Все верно, три ключа – два маленьких, один большой, с хитрой бороздкой, вроде сейфового. Ничего особенного. И брелок самый обычный – бронзовый, с устаревшей коммунистической символикой. «Пятиконечная звезда и красный галстук рядом…» Галстука, ясное дело, не было, зато имелся круг, в котором пятиконечная и находилась.
Уже в дверях он сообразил, что звезда не совсем коммунистическая. Американская, что ли?
Кофе чуть горчил, кондиционер пенсионного возраста исправно капал в подставленную банку, не споря с жарой, потолок вместе со стенами дружно, во весь голос, просили ремонта…
Костя улыбнулся. Приятно! Сразу помолодел лет на восемь. Первая работа, первая газета – самая, самая первая… Особенно приятно после бессонной ночи в больнице.
Страшная М., Машкина Людмила Васильевна, была жива. Пока.
Друзья сделали что могли, две сотни баксов, вовремя извлеченные журналистом из бумажника, – тоже. И врачи постарались, но чудеса случаются редко.
Так и было сказано, когда утром Игорь и Костя добились встречи с заведующим реанимационным отделением.
Игорь остался. Лена, его невеста, обещала подъехать с минуты на минуту, а журналисту пора было на службу.
Он только что звонил другу. Все оставалось по-прежнему. Пока. Все еще.
Последний глоток показался особенно горьким.
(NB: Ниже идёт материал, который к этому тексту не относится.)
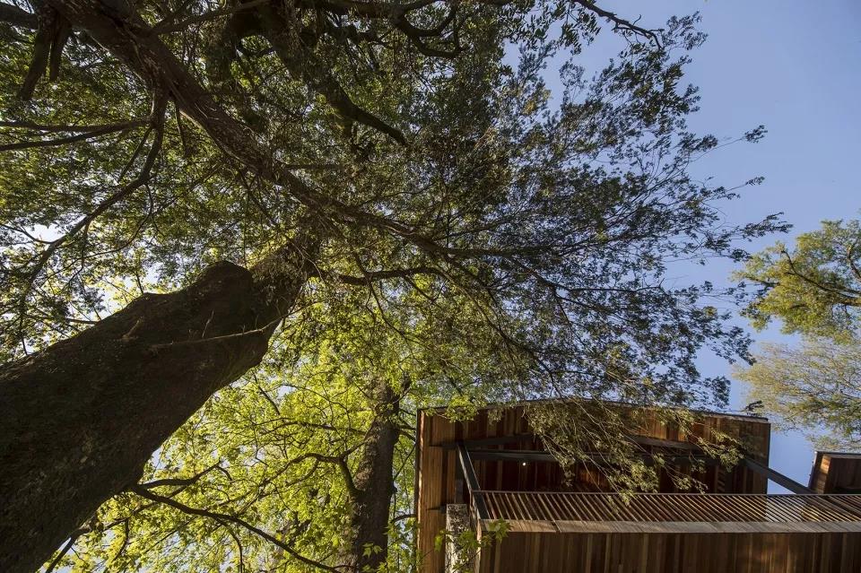 建筑背山面谷,臥于一方寶地,樹木遮掩,若隱若現,遠山美景可觀、百年古樟為鄰,透過不同的窗口,在不同的時間里,在不同的建筑高度,都是不同的風景,每一個層次都有不同的體驗,每扇窗口外都是整幅無框山野畫卷。
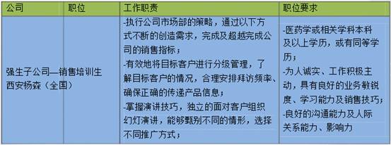 總的來說,強生校園面向校園只招聘銷售管理培訓生。不同的子公司有著不同的要求。招聘的人才需要有醫(yī)藥學或相關學科本科及以上學歷,或有同等學歷。為人誠實、工作積極主動,具有良好的業(yè)務敏銳度、學習能力及銷售技巧;良好的溝通能力及人際關系能力、影響力被西安楊森特別看重。強生校招的主要地點在北京、廣州、深圳、哈爾濱、武漢、長沙、濟南、西安、上海、成都、昆明、杭州等城市舉辦。
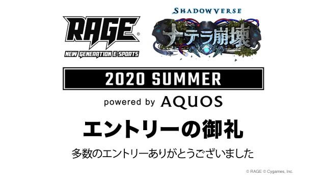 「RAGE Shadowverse 2020 Autumn powered by AQUOS」大会情報発表!エントリー受付開始!締切は7月5日(日)23:59まで!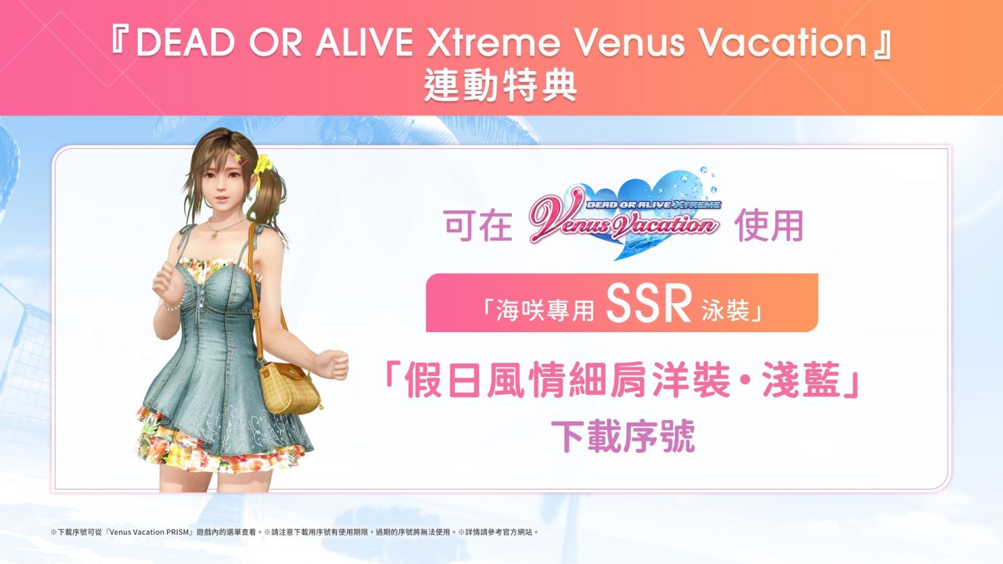 以及,同為系列作品正於 Steam 營運中的度假遊戲《DEAD OR ALIVE Xtreme Venus Vacation》,現正舉辦紀念本作發售的合作活動。在本次活動中,玩家可以獲得合作紀念比基尼泳裝,以及繪製的《Venus Vacation PRISM》視覺圖的海報傢俱。在合作活動中,另有紀念合作的看板任務,完成看板任務即可獲得印有《Venus Vacation PRISM》視覺圖的裝飾寫真。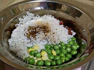 倒入糯米和调料。

Костя поставил невесомую чашечку на стол.
– Уже иду, уже пришел!
Максим Андреевич, Зверь из Бездны, он же редактор блока «666» «Страшной газеты», появился в дверях, сжимая в руках огромный черный фолиант. Еще одна книга, маленькая, в бумажной обложке, выглядывала из кармана пиджака.
Костя лишь головой покачал. Его бывший начальник, отставной археолог и великий энтузиаст всего невероятного, непознанного и нереального, славился поистине нечеловеческой скрупулезностью.